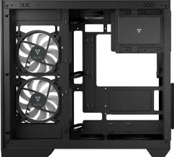 De behuizing wordt zonder ventilatoren geleverd, zodat je de koeling geheel naar wens kunt ontwerpen – van stille airflow tot een krachtige gaming‑setup. Boven- en onderposities bieden plaats aan 360 mm radiatoren, en er is een ARGB‑controller voor tot 9 ventilatoren inbegrepen. Doorlaatbare panelen en stoffilters ondersteunen een efficiënte en schone werking, ook tijdens lange gamingsessies.
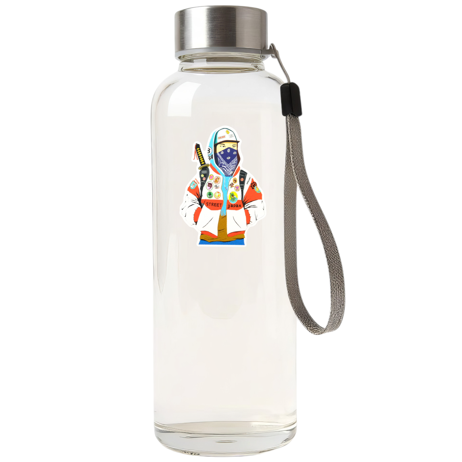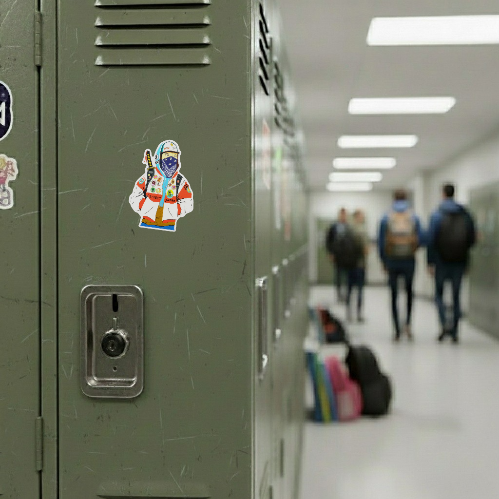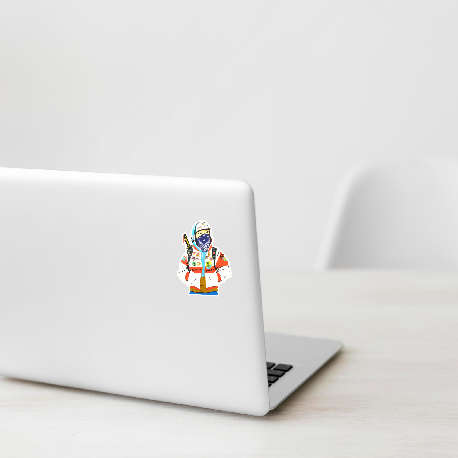 This fierce B-Side Label sticker showcases the red-jacket variant of the iconic Street Japan series. The masked figure exudes urban samurai cool — rocking a bandana, loaded-up pins, and a katana strapped to his back. Every detail is pure Tokyo street energy.
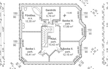 Az egész családi ház pinceszint + 2 szinten a korábbi családi ház 90%-os elbontása után a pinceszint 90 cm mélységben újra betonozásával és szigetelésével 2010-ben épült, az előírások szerint megfelelő vízszigeteléssel, 40 cm-es falvastagsággal, 18 cm vastag vasbeton gerendás födémszerkezettel, POROTHERM 30 N+F tégla falazat, a tetőtérben POROTHERM 38 HF Profi tégla falazattal 12 cm-es válaszfalak alkalmazásával, tetőtér beépítéses tetőszerkezettel, TONDACH cserép héjalással, üvegszál betétes alátét fóliával északnyugati fekvéssel, remek elosztású szobákkal, nagyon tágas, amerikai konyhás nappalival. A ház minden szempontból kellően világos.
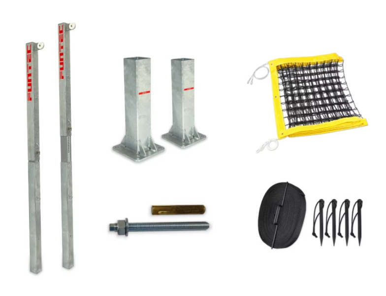 • 1 pár Beach Basic hálóoszlop, 90 x 90 mm-es acélprofilból, teljes hálófeszítés mellett 2 cm-es lépésekben állítható magasságú

> [About this task] The listing is to be reproduced in full and exactly, except that its pictures are to be dropped.

> [Solution]
 De behuizing wordt zonder ventilatoren geleverd, zodat je de koeling geheel naar wens kunt ontwerpen – van stille airflow tot een krachtige gaming‑setup. Boven- en onderposities bieden plaats aan 360 mm radiatoren, en er is een ARGB‑controller voor tot 9 ventilatoren inbegrepen. Doorlaatbare panelen en stoffilters ondersteunen een efficiënte en schone werking, ook tijdens lange gamingsessies.
 This fierce B-Side Label sticker showcases the red-jacket variant of the iconic Street Japan series. The masked figure exudes urban samurai cool — rocking a bandana, loaded-up pins, and a katana strapped to his back. Every detail is pure Tokyo street energy.
 Az egész családi ház pinceszint + 2 szinten a korábbi családi ház 90%-os elbontása után a pinceszint 90 cm mélységben újra betonozásával és szigetelésével 2010-ben épült, az előírások szerint megfelelő vízszigeteléssel, 40 cm-es falvastagsággal, 18 cm vastag vasbeton gerendás födémszerkezettel, POROTHERM 30 N+F tégla falazat, a tetőtérben POROTHERM 38 HF Profi tégla falazattal 12 cm-es válaszfalak alkalmazásával, tetőtér beépítéses tetőszerkezettel, TONDACH cserép héjalással, üvegszál betétes alátét fóliával északnyugati fekvéssel, remek elosztású szobákkal, nagyon tágas, amerikai konyhás nappalival. A ház minden szempontból kellően világos.
 • 1 pár Beach Basic hálóoszlop, 90 x 90 mm-es acélprofilból, teljes hálófeszítés mellett 2 cm-es lépésekben állítható magasságú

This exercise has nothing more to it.